WHAT TO DO:
Using the listing below, print the line containing "Lab safir 925", the line containing "Kurs i hjemmekompostering Hallingdal", and each line between them, exactly and nothing else. Pictures stay out of the print.
[[ RECORDS TO USE, beginning ]]
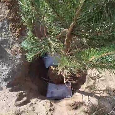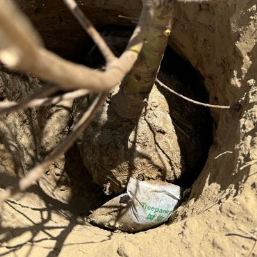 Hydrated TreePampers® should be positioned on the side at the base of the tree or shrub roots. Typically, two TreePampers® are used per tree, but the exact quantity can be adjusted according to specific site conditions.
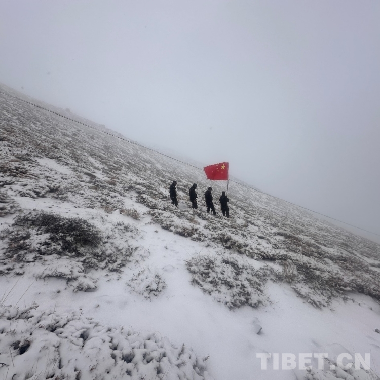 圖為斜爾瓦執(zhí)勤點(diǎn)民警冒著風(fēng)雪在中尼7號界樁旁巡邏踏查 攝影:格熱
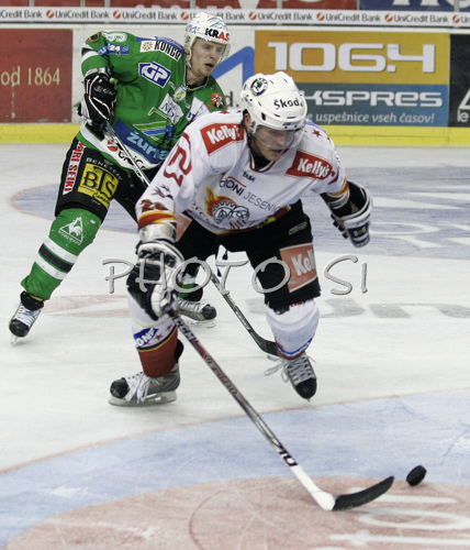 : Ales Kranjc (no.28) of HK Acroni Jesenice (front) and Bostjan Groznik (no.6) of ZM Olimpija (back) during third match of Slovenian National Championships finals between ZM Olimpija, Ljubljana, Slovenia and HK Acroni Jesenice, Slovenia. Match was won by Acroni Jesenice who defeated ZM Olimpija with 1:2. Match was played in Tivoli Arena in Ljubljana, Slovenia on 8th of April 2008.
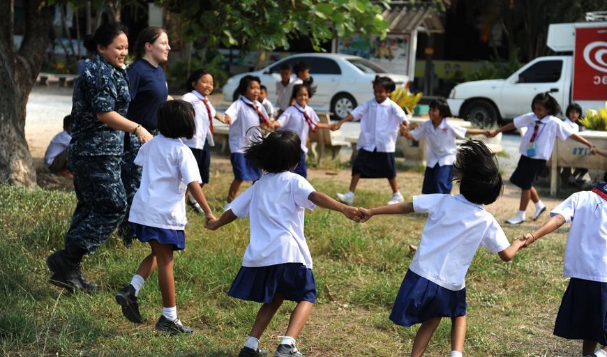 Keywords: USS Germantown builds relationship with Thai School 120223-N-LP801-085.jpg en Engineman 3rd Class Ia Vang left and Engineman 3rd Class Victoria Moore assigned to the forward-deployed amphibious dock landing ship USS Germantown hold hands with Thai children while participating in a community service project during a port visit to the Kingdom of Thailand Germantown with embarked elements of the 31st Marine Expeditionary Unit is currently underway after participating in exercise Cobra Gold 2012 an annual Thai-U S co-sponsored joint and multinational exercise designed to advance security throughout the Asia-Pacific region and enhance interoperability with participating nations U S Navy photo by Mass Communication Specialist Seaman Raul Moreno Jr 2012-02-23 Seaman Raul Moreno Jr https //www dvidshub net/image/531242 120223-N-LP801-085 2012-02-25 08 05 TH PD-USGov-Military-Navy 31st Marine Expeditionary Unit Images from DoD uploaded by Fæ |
[[ RECORDS TO USE, end ]]
[[ RECORDS TO USE, beginning ]]
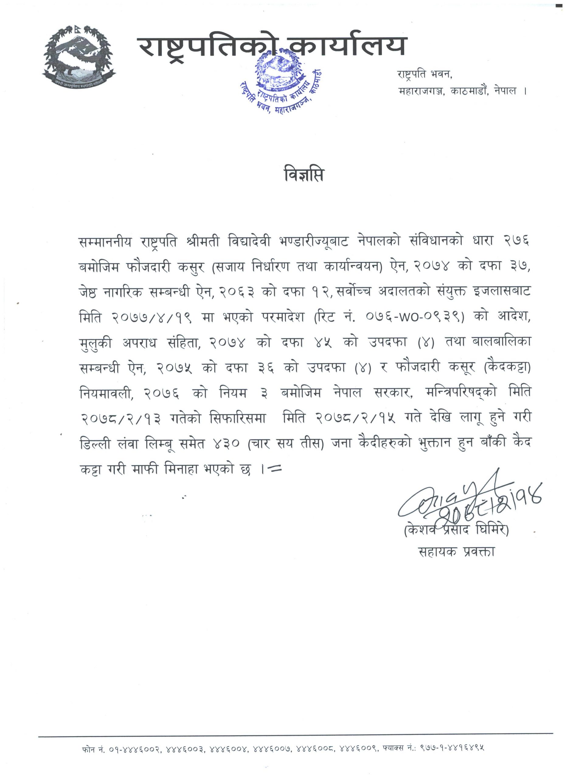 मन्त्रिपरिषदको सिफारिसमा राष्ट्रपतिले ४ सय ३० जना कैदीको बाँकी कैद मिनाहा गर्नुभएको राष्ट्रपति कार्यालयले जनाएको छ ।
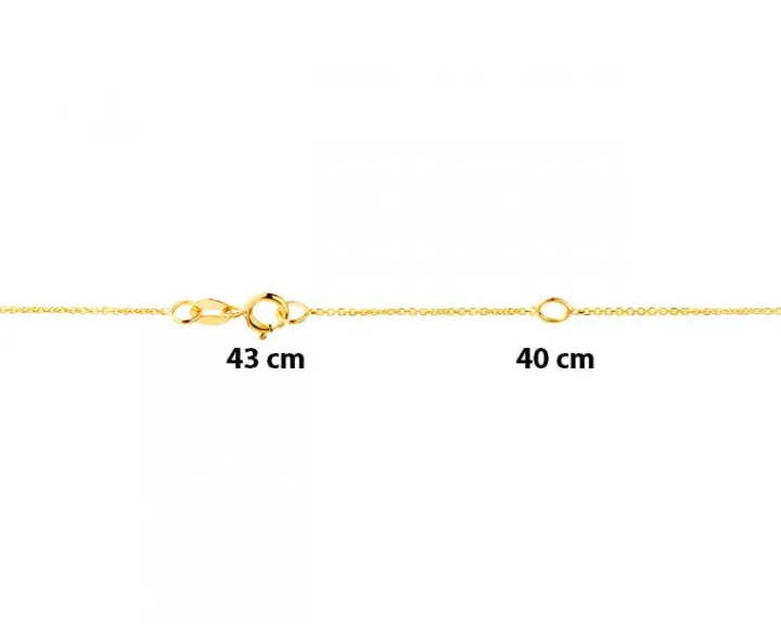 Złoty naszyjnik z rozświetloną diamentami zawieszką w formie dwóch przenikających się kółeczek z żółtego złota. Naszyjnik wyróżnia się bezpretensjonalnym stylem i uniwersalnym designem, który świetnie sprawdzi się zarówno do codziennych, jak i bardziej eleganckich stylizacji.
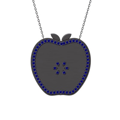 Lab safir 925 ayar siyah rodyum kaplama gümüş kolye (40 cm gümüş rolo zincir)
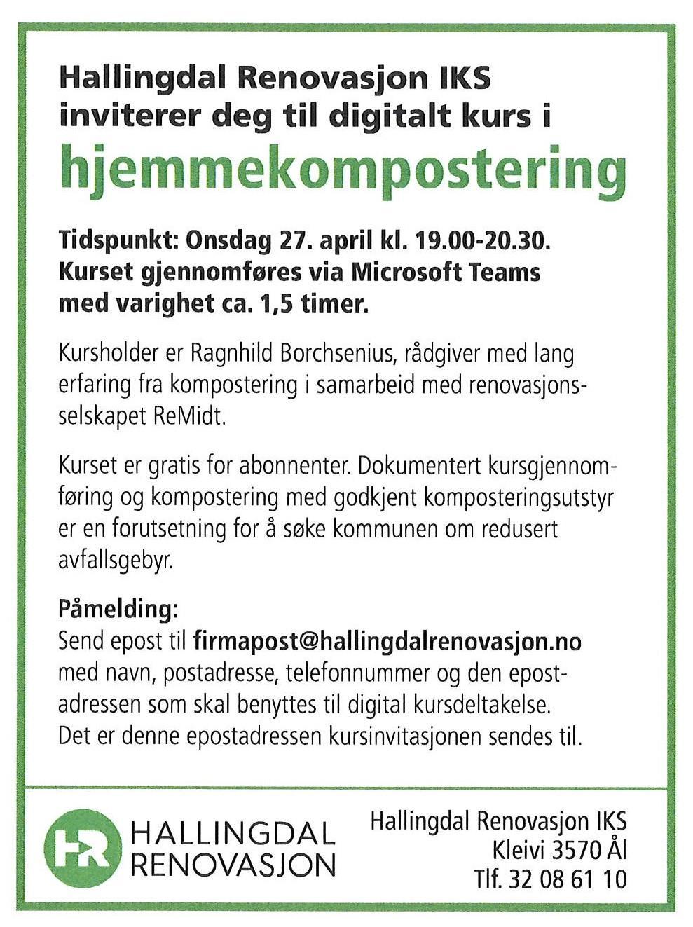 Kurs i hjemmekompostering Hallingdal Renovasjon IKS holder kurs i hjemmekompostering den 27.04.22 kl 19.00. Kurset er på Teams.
[[ RECORDS TO USE, end ]]
REPLY:
 Lab safir 925 ayar siyah rodyum kaplama gümüş kolye (40 cm gümüş rolo zincir)
 Kurs i hjemmekompostering Hallingdal Renovasjon IKS holder kurs i hjemmekompostering den 27.04.22 kl 19.00. Kurset er på Teams.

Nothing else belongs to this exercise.